Eu também tinha as minhas dores e reservas ao passado, mas fora por


isso mesmo que insisti que ele perdoasse o pai, que fizesse isso ainda em vida.
Pois, depois de morto não haveria lágrimas que trouxessem o seu pai de volta,
não haveria súplicas e preces fervorosas que lhe concedessem um único minuto
ao lado da pessoa amada.

— Esse caos emocional que você se refere foi o alicerce para o pai que eu
sou hoje! Se hoje eu amo tanto a minha filha e faço o possível e impossível para
vê-la sorrindo, é por tudo o que eu passei — seus olhos brilhavam quando ele
falava da Mariana — Após o reencontro com o meu pai naquele hospital eu dei
um novo significado a minha dor, eu transformei todo aquele sofrimento em
aprendizagem...

— Eu não sou tão superior assim — confessei tristemente — Não


alcancei esse estágio em transformar dor em sabedoria.
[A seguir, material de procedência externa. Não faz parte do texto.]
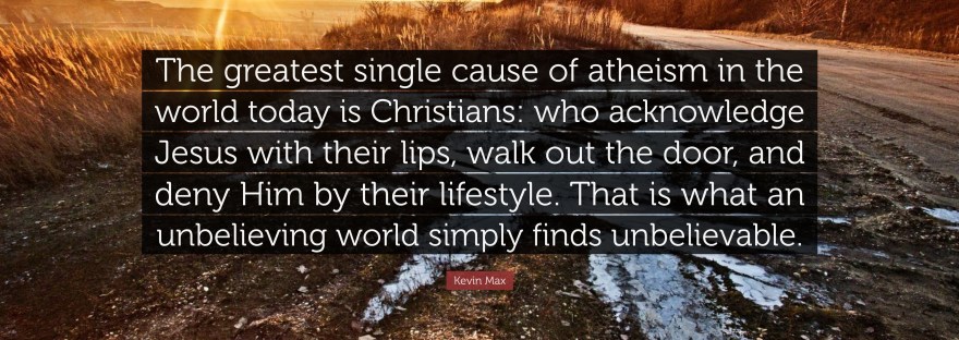 The greatest single cause of atheism in the world today is Christians who acknowledge Jesus with their lips and walk out the door and deny Him by their lifestyle.

Mais uma vez pensei em Yasmin. Como em meio a todo o sofrimento que
ela passou, eu poderia lembrar dos momentos felizes?

— E você acha que eu sou? — sorriu — Tem dedo da Fernanda


Albuquerque nisso — seus olhos marejaram ao falar da esposa — Compartilhar
com ela todo o sofrimento que passei ao lado da minha mãe foi catártico. Não
apenas pelo simples fato de desabafar, de desenterrar um passado e trazer à
tona todas as dores e mágoas escondidas, mas sim porque a mulher que eu
amava, após ouvir todas as minhas dores não me julgou ou me repreendeu —
uma lágrima rolou pela sua face e ele não fez nada, deixou mais outras seguirem
o mesmo curso — Ela apenas me amou e continuaria me amando mesmo que eu
optasse por não perdoar o meu pai.

Marcos parou o carro num lugar seguro e voltou-se para mim os olhos
cheios de lágrimas:

— Eu levei mais de dez anos para perdoar o meu pai e hoje, vendo o
amor que a Mari nutre por ele e a devoção que ele tem pela neta, sei que fiz a
escolha certa — mais duas lágrimas rolaram pelo seu rosto enquanto ele sorria
— Sou feliz por ter dado essa oportunidade a todos nós. Feliz por ter feito as
pazes com o meu passado. E isso tem dedo seu — apontou para mim — se hoje
eu sou um homem completo é porque você foi meu amigo, o cara que escavou o
meu passado e me deu a oportunidade de recomeçar... Eu não sei o que está
acontecendo com você, mas saiba que pode contar comigo! Eu te devo essa —
sorriu entre lágrimas.

— Caralho! — enxuguei uma lágrima teimosa que escapou — você


deveria largar a advocacia e ser palestrante emocional! — brinquei para aliviar
o clima. E consegui, pois o Marcos gargalhou alto.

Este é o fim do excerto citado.